Classification prompt builder
Reliable LLM classification depends on three things: an explicit label set, tie-breaking rules so the model never invents a label or refuses, and a strict output format so the result is machine-parseable. A loose prompt like “is this positive or negative?” works in a demo but breaks in production. This builder produces a structured prompt that holds up across thousands of inputs.
How it works
You define the labels the model must choose from and, optionally, a few
examples in text => label form for few-shot prompting. The tool wraps these
in a prompt that pins the model to your label set, adds tie-breaking and
fallback rules, and specifies either a bare label or a JSON object with a
confidence score.
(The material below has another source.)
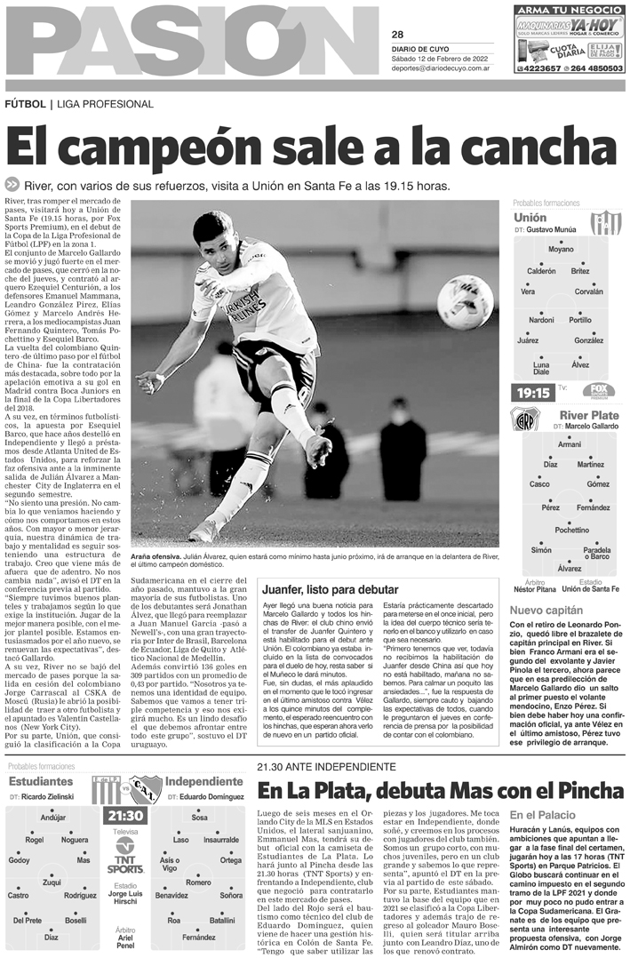 Diario de Cuyo | HOME | Noticias Tapa Pasión 12 de Febrero del 2022 Por Redacción Diario de Cuyo 11/02/2022 · 0:00 Escuchar la noticia Escuchar la noticia Your browser doesn’t support HTML5 audio Ver los comentarios ›

The example block is rendered in the exact output format you
chose, so the model’s pattern-matching reinforces the format you want.
Tips and notes
- Keep labels mutually exclusive. Overlapping labels force arbitrary choices and lower agreement. If two labels often co-occur, consider a multi-label setup instead.
- Use JSON mode for pipelines. The confidence score lets you auto-accept high-confidence predictions and route the rest to a human.
- Three to five examples is usually enough. Cover your trickiest edge cases rather than the obvious ones — the obvious cases rarely need demonstrating.
- Validate the output. Even with strict instructions, check that the returned label is in your set before using it downstream.